Christian Léourier a les crocs. Après les campagnes et les forêts glaciales de Dur silence de la neige, paru presque simultanément chez les Moutons électriques, retour à l’espace. La Terre est un terrain de jeu trop petit pour l’auteur de « Lanmeur », habitué à voyager aux confins de galaxies lointaines, très lointaines…
Cette fois-ci, l’avenir de toutes les espèces pourrait bien reposer sur les épaules de Hénar Log Korson, aventurier terrien hâbleur et roublard, bientôt traqué par la moitié de l’univers pour avoir accepté de convoyer un vaisseau dans les soutes duquel repose une relique aux pouvoirs XXL. À ses côtés : Svaun, un pilote trans amateur de géométrie non euclidienne, et Ullinn, princesse ramenarde tout juste réveillée de son sommeil cryogénique. Quelques individus au pedigree louche viennent compléter la mauvaise troupe. La fine fleur des étoiles, quoi… L’affaire tourne rapidement au jeu de dupes entre les membres de l’équipage et le (ou les) commanditaire(s) de l’expédition, plusieurs factions extraterrestres rivales, ainsi qu’une administration galactique tatillonne : il s’avère que l’artefact suscite bien des convoitises et que tous, à des degrés divers, ont intérêt à ce qu’il parvienne à destination… mais quelle destination au juste ? Hénar se retrouve souvent forcé de sympathiser avec ses adversaires pour mieux louvoyer au milieu des complots et des retournements d’alliance, d’autant plus que le précieux chargement semble lié à tout un pan obscur de son histoire personnelle, qu’il a choisi sciemment d’oublier…
Sitrinjêta est un ouvrage composite qui emprunte autant à Star Wars qu’à La Faune de l’espace ou à Cobra Space Adventure (liste bien évidemment non exhaustive).
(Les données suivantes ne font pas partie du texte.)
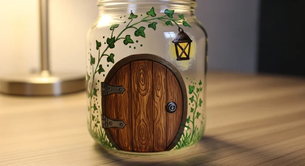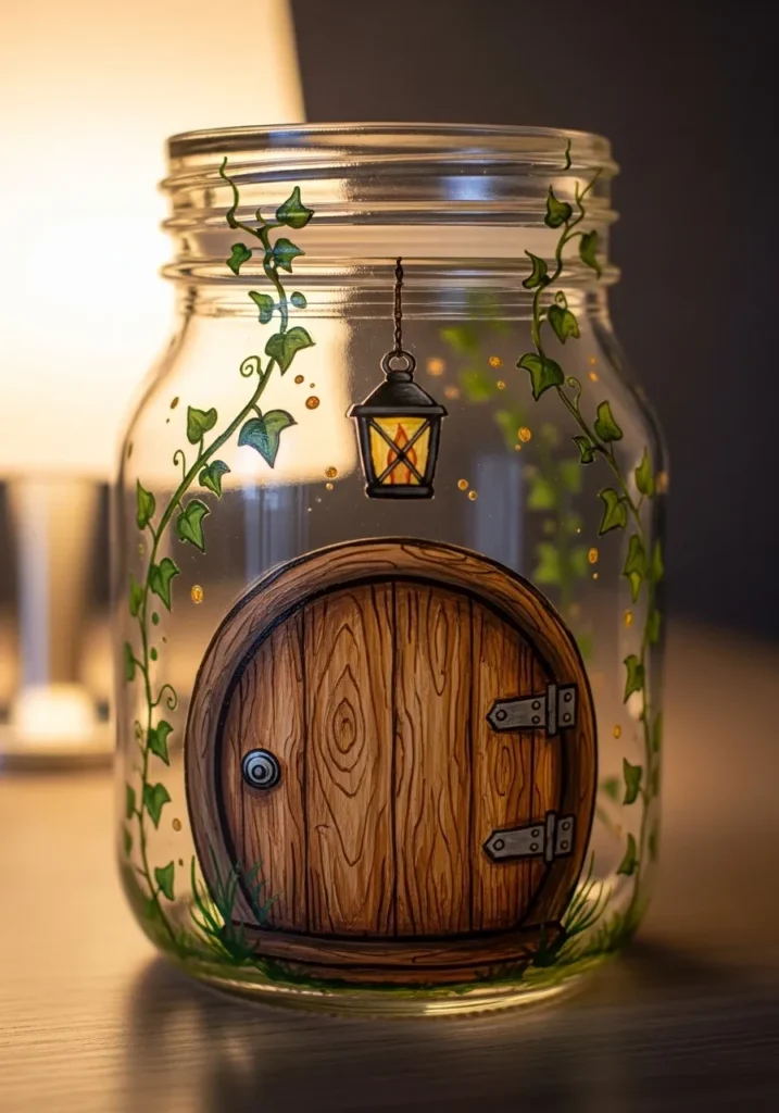 This whimsical jar features a detailed hand-painted wooden door that looks like it belongs in a magical forest. The wood grain texture is rendered in warm oak tones with tiny silver hinges and a round doorknob for a realistic touch. Climbing ivy vines in various shades of emerald and lime green frame the door, while a cute little lantern hangs just above the entrance. Tiny gold dots are scattered around the clear glass to represent flickering fireflies or magical dust in the air.

Pour faire avancer l’action et accrocher le lecteur, l’ensemble repose moins sur la dynamique de groupe et la construction d’un univers (point fort de l’auteur) que sur les soubresauts d’une intrigue à triple fond qui semble se dérober à mesure qu’elle se dévoile. L’enchaînement des péripéties jusqu’au twist cosmogonique final est tellement bien huilé qu’il fait oublier toutes les fautes de goûts en matière de planètes, extraterrestres et vaisseaux trop peu exotiques ou de personnages tristement fades. Pour un Hénar convaincant en Han Solo du pauvre, combien de seconds couteaux à peine esquissés ?… Heureusement, à côté du chef scout de la bande, Ullinn apporte une dimension badass, façon SuckerPunch, assez rafraîchissante.
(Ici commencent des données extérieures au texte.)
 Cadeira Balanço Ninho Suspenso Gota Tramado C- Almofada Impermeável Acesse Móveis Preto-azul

Quintessence du space opera populaire, les meilleures productions estampillées Fleuve Noir ne valaient que par la capacité de leurs auteurs à trouver des interstices entre le scénario, le casting et les scènes de batailles navales imposées où ils pouvaient glisser leur patte. S’inscrivant dans la même lignée, Sitrinjêta n’a pas à rougir ; Christian Léourier s’en sort même étonnement bien si l’on considère l’aspect casse-gueule du projet (un one-shot d’à peine trois cents pages) pour un auteur dont l’imaginaire n’aime rien tant qu’avoir les coudées franches afin d’exprimer toute sa richesse et sa force poétique (en témoigne le cycle de « Lamneur »). De fait, s’il n’échappe pas à un certain classicisme, le ton – et l’écriture – suffisent à rendre le livre éminemment sympathique et à le distinguer de la masse des blockbusters signés David Weber, Jack Campbell et consorts.